И тут дороги, по которым мы действительно прошли, начинают смешиваться с нехожеными, и тут я слышу слова, которых мы никогда не говорили, и тут я вижу ее, Кристу Т., какой она была наедине с собой. Возможно ли это?.. Годы, вновь встающие передо мной, — это не те же самые годы, свет и тени еще раз мешаются на нашем лице, но лицо остается невозмутимым. Разве это не удивительно?

 

 

Мы разучились даже верить в чудеса.

Напротив, мы рассчитываем на помощь случая. У кого в минуты величайшего смятения хватило бы духу сказать: именно так, а не иначе? Порой, в давно знакомом окружении мы способны вдруг поднять голову и оглядеться по сторонам: ах, так вот куда меня занесло…

На доске в большой аудитории была написана метрически расчлененная стихотворная строка: «Нам повсюду зима повредила…» Отнюдь не огненные письмена, не знамение, и во мне ничто не шелохнулось. Я слушала докладчика, он был в синей рубахе, веснушчат и рыж, и с величайшим пылом говорил о детской площадке, которую обязался построить наш факультет. Нет, меня не пронзило током, я не испугалась и не усомнилась. Я увидела: передо мной сидит Криста Т. Я могла бы коснуться рукой ее плеча, но я не сделала этого. Это вовсе не она, уговаривала я себя наперекор твердому знанию, ибо именно ее рука писала что-то у меня на глазах. Когда она вышла из аудитории, я не встала и не окликнула ее. Я говорила себе: если это она, я теперь буду видеть ее каждый день. Достойно удивления, но я не удивлялась, и волнение, которого я ждала, тоже почему-то запаздывало.

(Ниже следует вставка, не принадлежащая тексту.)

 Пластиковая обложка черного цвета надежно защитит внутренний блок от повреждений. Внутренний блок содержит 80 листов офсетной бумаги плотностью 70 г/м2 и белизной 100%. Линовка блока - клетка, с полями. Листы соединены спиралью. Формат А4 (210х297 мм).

Если это действительно она, — боже мой, конечно же, она! — мне хотелось, чтобы она первой меня узнала. Я понимала, что за семь лет при желании можно позабыть много имен и лиц. Мы тогда строго обходились с нашими воспоминаниями.

И вдруг мы неожиданно лицом к лицу столкнулись с ней в узком проходе универсального магазина. Одновременно и непроизвольно на наших лицах выразилось узнавание. Она — это была она, и я — это была я. И она не скрывала, что узнала меня еще на собрании. И то, что мы не стали спрашивать друг друга, почему мы заговорили только здесь, только сейчас, тоже было первым знаком старого или уже нового доверия.

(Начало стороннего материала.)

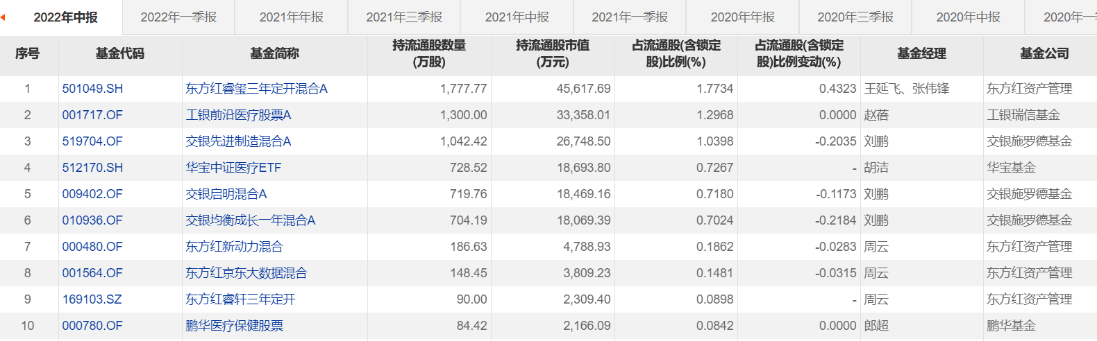 除此之外,东方红新动力灵活配置混合型证券投资基金(000480)、东方红京东大数据灵活配置混合型证券投资基金(001564)、东方红睿轩三年定期开放灵活配置混合型证券投资基金(169103)分别持有鱼跃医疗186.63万股、148.45万股、90万股。至此,上海东方证券资管旗下4只基金产品合计持有鱼跃医疗2202.85万股,按最新收盘价计算,合计持有市值5.9亿元。

Мы вышли из универсального магазина и медленно побрели по еще мало мне знакомым улицам Лейпцига в сторону вокзала.

Воскресение из мертвых. Если есть на свете чудеса, это было одним из них, вот только мы утратили способность правильно их воспринимать. Мы едва ли догадывались, что чудо можно встретить чем-нибудь другим, кроме обрывочных фраз и насмешливых улыбок. По голым площадям, через которые мы проходили, свистел ветер, каждый день возникавший среди развалин послевоенных городов. По улицам перед нами клубилась пыль, со всех сторон дуло, нельзя сказать, чтоб нам было очень уютно, и мы по привычке подняли воротник и засунули руки в карманы. Мы обходились полуфразами и выжидающими взглядами, которые больше всего подходят к таким городам.

Криста Т. шла легко, наклонясь вперед, словно одолевая не очень сильное, но постоянное, уже ставшее привычным сопротивление. Я приписывала такую походку ее высокому росту. Разве она и раньше не ходила точно так же? Она взглянула на меня, улыбнулась.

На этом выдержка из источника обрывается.